Le SMG est opposé au mot d’ordre C = CS et aux incitations à pratiquer des dépassements des tarifs opposables. Une évolution en ce sens de notre rémunération ne pourrait conduire qu’à une impasse.

La reconnaissance de la médecine générale comme spécialité n’est que l’alignement de notre métier sur les spécialités déjà reconnues en terme de cursus de formation initiale, cet alignement doit aussi concerner le statut professionnel et donc la rémunération : celle-ci doit être adaptée à la particularité de notre exercice de généralistes.

Le Syndicat de la Médecine Générale réagit à la crise grave qui menace l’avenir du métier de médecin généraliste.

Il partage à ce propos l’analyse du syndicat MG France et se sent solidaire de son interpellation de la société :

- il soutient le mouvement des étudiants et enseignants en médecine générale auquel ses membres participent,

- il participera et appellera à participer à des Journées de la Médecine Générale régionales et nationales, centrées sur son apport déterminant à la distribution des soins à la population,

- il appelle à des actions en direction de l’Assurance maladie pour l’élargissement sans délai à l’ensemble de la population du forfait annuel, par patient, du médecin traitant.

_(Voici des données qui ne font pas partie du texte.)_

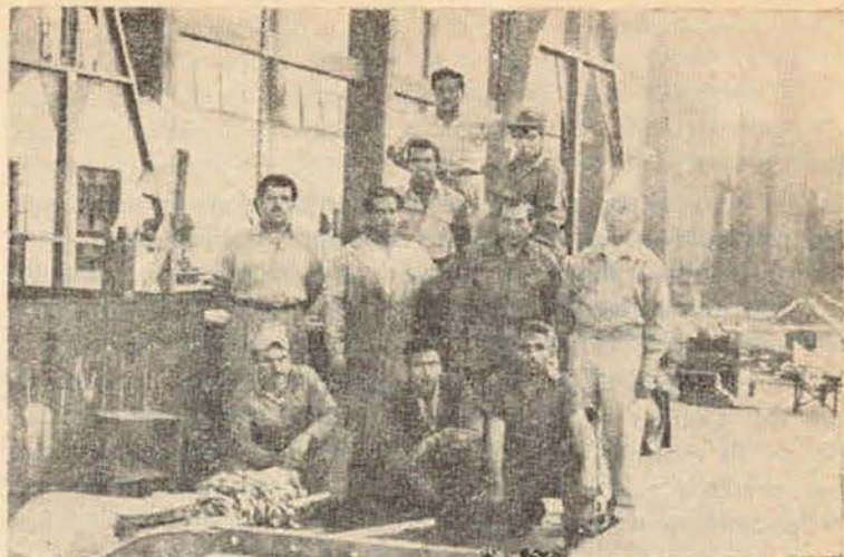
TALLER DE MOLDEO Y FUNDICION

Bajo su vigilancia se han llevado a cabo los trabajos de construcción de lanchas metálicas de 16.50 y 17 metros de eslora, destinadas a Patrullas y al servicio de la Armada de México.

Mais le SMG est opposé au mot d’ordre C = CS et aux incitations à pratiquer des dépassements des tarifs opposables. Une évolution en ce sens de notre rémunération ne pourrait conduire qu’à une impasse.
La reconnaissance de la médecine générale comme spécialité n’est que l’alignement de notre métier sur les spécialités déjà reconnues en terme de cursus de formation initiale, cet alignement doit aussi concerner le statut professionnel et donc la rémunération : celle-ci doit être adaptée à la particularité de notre exercice de généralistes.

En ce sens, la reconnaissance de la spécificité de notre métier incluant la prévention, l’éducation sanitaire et la coordination doit être valorisée par une juste rémunération forfaitaire comme dans le cadre du médecin référent.

L’augmentation hors tarif opposable de notre rémunération conduirait à rendre encore plus difficile l’accès aux soins des plus démunis, en contradiction avec la mission de service public qui nous incombe. Un tel dérapage tarifaire irait dans le sens de ceux qui œuvrent au désengagement de la Sécurité sociale solidaire au profit d’un marché de l’assurance santé complémentaire, conduisant à l’augmentation intolérable de la part des ménages, pour ceux qui ne peuvent y recourir.

Le SMG rappelle ainsi

- son combat pour la diversification des rémunérations et sortir la profession de la rémunération exclusive à l’acte,

- son opposition aux dépassements des tarifs opposables et donc soumis à la prise en charge par l’Assurance maladie, qu’il s’agisse de dérapages tarifaires, du secteur 2 existant ou d’un secteur optionnel en gestation qui étendrait les dépassements à l’ensemble des spécialistes encore en secteur 1.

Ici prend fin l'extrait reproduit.